PostgreSQL’s shared buffer pool is a fixed-size, pre-allocated array of 8 KB pages designed for caching relation data. It cannot dynamically grow, and its granularity is wrong for arbitrary-sized allocations. Parallel hash joins need to share hash tables, tuple stores, and sort runs — structures that vary in size and don’t map neatly onto fixed-size buffer pages.
DSM segments provide dynamically allocated shared memory, but they are coarse-grained: each segment is a single contiguous region. DSA adds fine-grained allocation within and across multiple DSM segments, automatically creating new segments as needed and reclaiming empty ones.

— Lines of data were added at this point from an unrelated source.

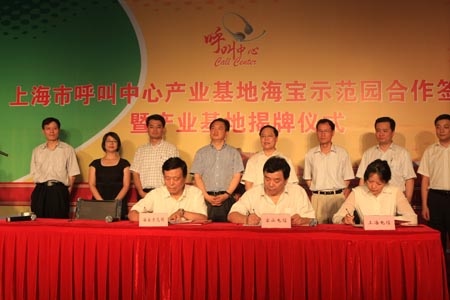 7月9日下午,上海市呼叫中心產業(yè)基地海寶示范園合作簽約暨產業(yè)基地揭牌儀式在寶山舉行。寶山區(qū)委常委、副區(qū)長夏雨,上海市呼叫協(xié)會理事長、中國電信號百信息服務有限公司副總經理韓友平為“上海市呼叫中心產業(yè)基地”和“海寶示范園”揭牌。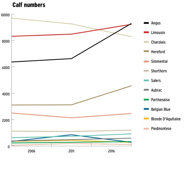 While this all looks positive for the traditional breeds, one has to wonder are they growing too fast for the demand that’s out there? The majority of 2016 calves will be sold in 2017 but with over 4,000 extra Angus and Hereford calf births compared with five years ago, is there a market for them?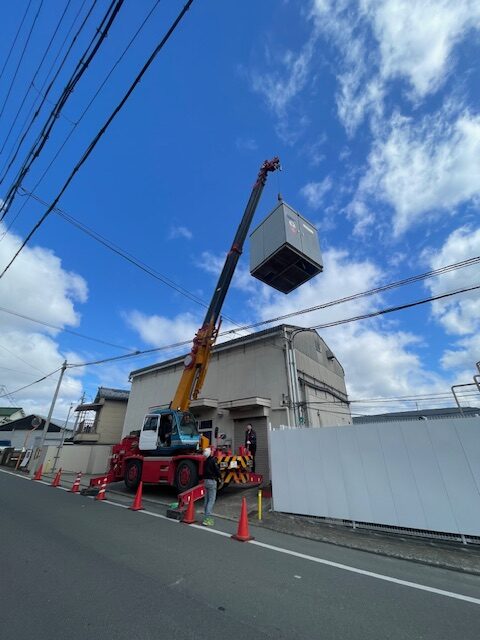 土曜日はキュービクル撤去工事へ キュービクル=高圧受電 6600Vで受電して100Vと200Vへ変圧 それぞれに電気を送っていく箱体なんです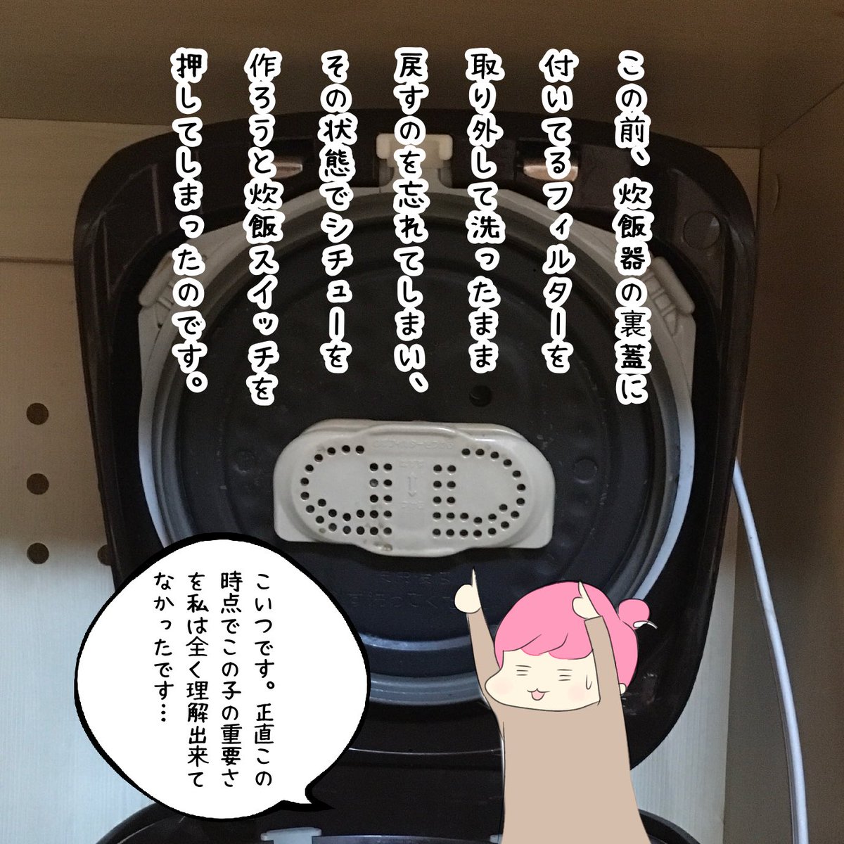 初めて「噴火」をというものを身近に感じた出来事でした🌋 #コミックエッセイ #エッセイ #エッセイ漫画 #イラスト初心者 #絵日記 #漫画が読めるハッシュタグ #絵描きさんと繋がりたい #絵柄が好みって人にフォローされたい #4コマ漫画 #炊飯器レシピ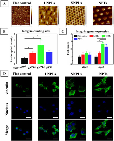 Stable focal adhesion requires integrin clustering and stability of the binding between the two (integrin cluster size), and it also involves the stabilization of the cytoplasmic side with reinforcement of adhesion proteins, including vinculin, paxillin, talin and focal adhesion kinase [39]. In this work, we employed vinculin as a marker of focal adhesion considering that it is recruited at the adhesion site via integrin β1 receptor. The localization of vinculin was probed via immune-fluorescence microscopy (Figure 5D). Relatively smaller focal adhesions were observed on the flat control surface. For LNPLs, focal adhesions were localized regularly along the cell periphery, while cells on SNPLs formed adhesion contact not only at cell periphery but also within the lamellipodium leading edge. Focal adhesion on NPTs were distributed predominantly to the cell periphery; meanwhile, they were observed to be involved in cell protrusions.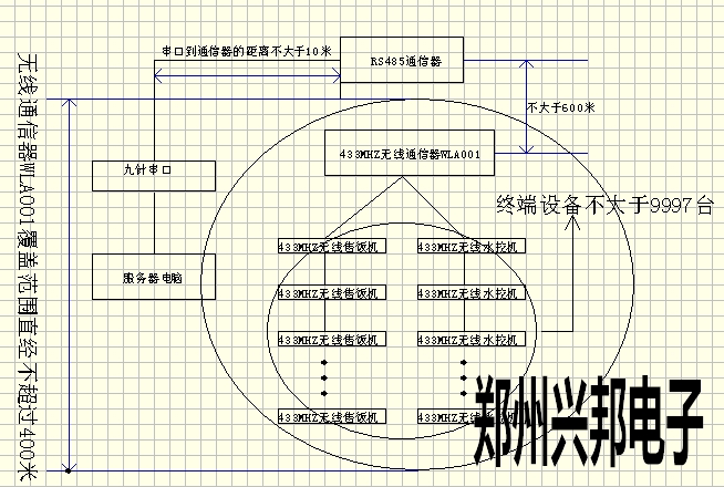 433MHZ無線通信器(WLA001)使用框圖如下所示,一個(gè)433MHZ無線通信器(WLA001)的無線覆蓋范圍為直經(jīng)400米(空曠地區(qū));只要在收發(fā)的范圍內(nèi),可連接的終端設(shè)備的臺數(shù)理論上沒有限制;地址號9998、9999,終端設(shè)備不可用,系統(tǒng)使用;
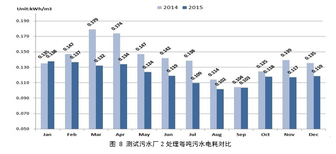 圖 8為測試污水廠2 2014年與2015年處理每噸廢水所需要的電耗對比,在引入精確曝氣系統(tǒng)之后,單位電耗有了明顯降低,從2014年的0.140kWh/m3下降至從2015年的0.121kWh/m3,單位能耗下降13.5%,節(jié)能效果顯著。以一個日處理量為10萬噸的污水廠為例,利用AN-ISE在線分析儀的測量值來對風(fēng)量進行精確控制,處理每噸污水節(jié)約電耗0.02kWh,電費以0.7元/kWh計,每年僅在風(fēng)機降耗上就能夠節(jié)約電費約為51萬元。
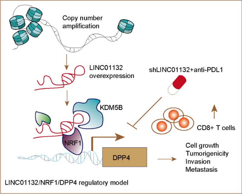 2022年9月,该团队联合海南医学院李永生教授团队在Journal of Experimental & Clinical Cancer Research发表题为Long noncoding RNA LINC01132 enhances immunosuppression and therapy resistance via NRF1/DPP4 axis in hepatocellular carcinoma研究论文,通过对lncRNAs全基因组表达模式的系统研究,发现LINC01132是肝细胞肝癌(HCC)中潜在的致癌基因,其在HCC中表达显著上调,与HCC患者的总生存率差相关。经研究发现,LINC01132可以与NRF1相互结合,同时增强DPP4的表达,发挥致癌的作用。值得注意的是,敲除LINC01132可诱导CD8+ T细胞浸润,敲除LINC01132联合PD-L1抗体治疗可提高PD-L1抗体对HCC敏感性,从而为肝癌联合治疗提供了新的策略。
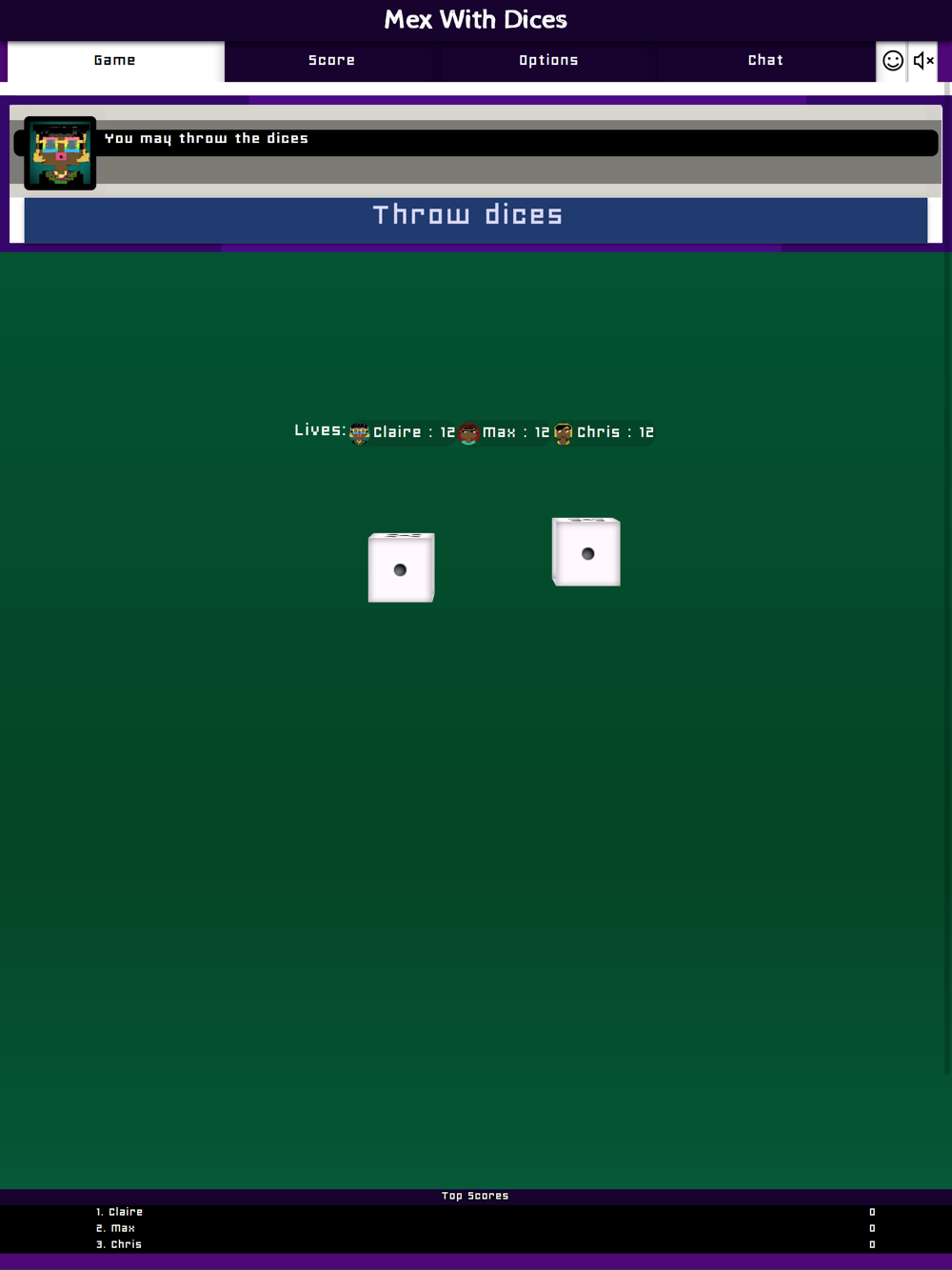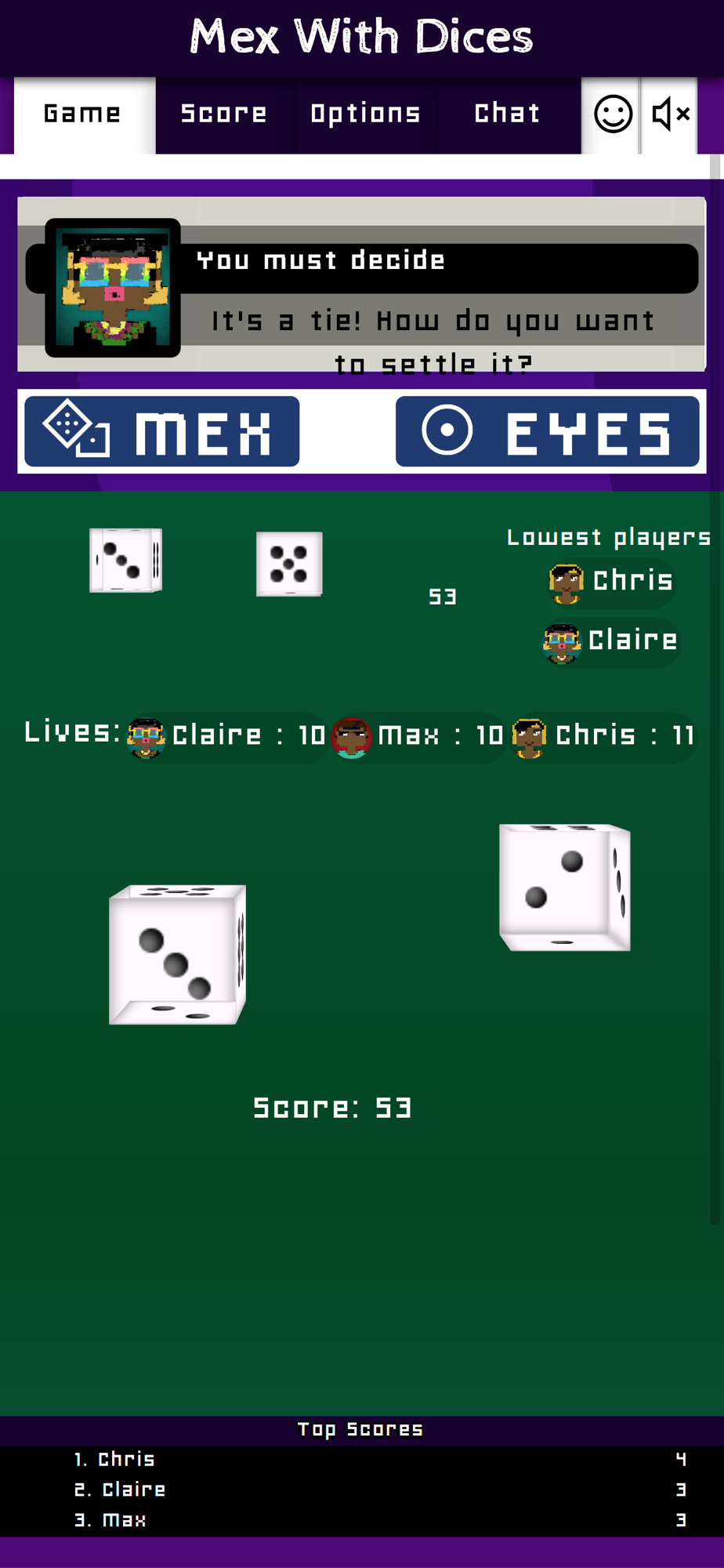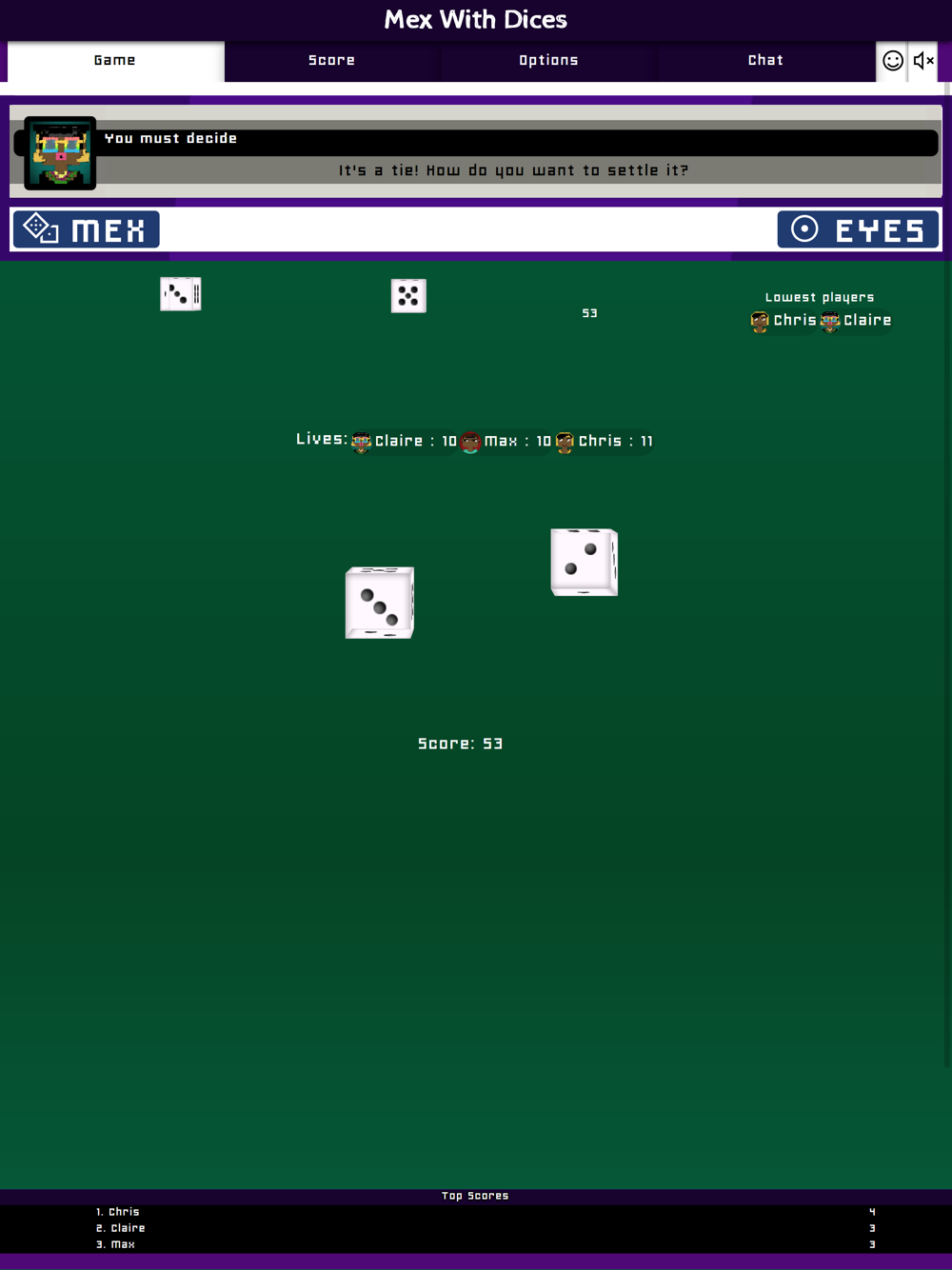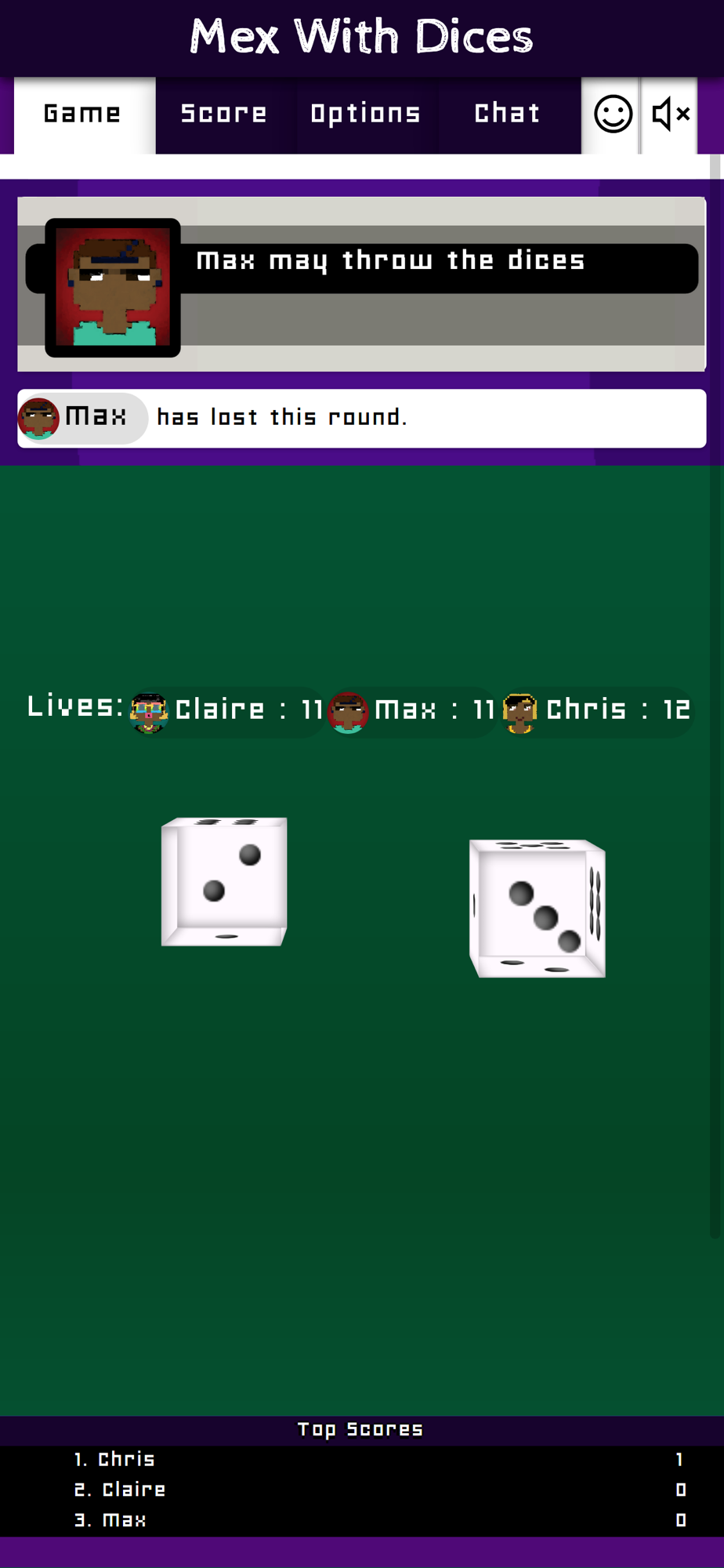 Each player starts with 12 lives. The loser of a round is the one who has thrown the lowest score of all players and gets 1 penalty point (or more, if a mex has been thrown). As long as you have lives left, you stay in the game. If your lives reach 0 (or lower) you are out of the game. The other players continue to play until there is only 1 player left. The number of starting lives can be set in the game options.

On a 64-bit system, a dsa_pointer is a uint64 with this layout:
63 40 39 0
+-------------+-------------------------------+
| segment idx | offset |
| (24 bits) | (40 bits) |
+-------------+-------------------------------+
DSA_MAX_SEGMENTS).On 32-bit systems, dsa_pointer is a uint32 with 27 offset bits (128 MB per segment,
32 segments max).
This encoding means a dsa_pointer is meaningful only within the context of a specific
dsa_area. Two different areas could use the same numeric pointer to refer to
completely different memory.
| File | Role |
|---|---|
src/include/utils/dsa.h |
Public API: dsa_pointer, dsa_allocate, dsa_free, dsa_get_address |
src/backend/utils/mmgr/dsa.c |
Full implementation: area control, segments, spans, pools, size classes |
src/include/utils/freepage.h |
Free page manager used within each DSM segment |
src/backend/utils/mmgr/freepage.c |
Free page manager implementation (buddy-system style) |
src/include/storage/dsm.h |
Dynamic shared memory segment API (underlying transport) |
A leader backend creates a DSA area:
dsa_area *area = dsa_create(lwlock_tranche_id);
dsa_handle handle = dsa_get_handle(area);
/* Share 'handle' with workers via shared memory or DSM */
Workers attach using the handle:
dsa_area *area = dsa_attach(handle);
dsa_pin_mapping(area); /* keep segments mapped for session lifetime */
The dsa_create macro calls dsa_create_ext with default initial and maximum segment
sizes (1 MB initial, up to 1 TB max). The first DSM segment is created immediately and
holds the dsa_area_control structure at its beginning.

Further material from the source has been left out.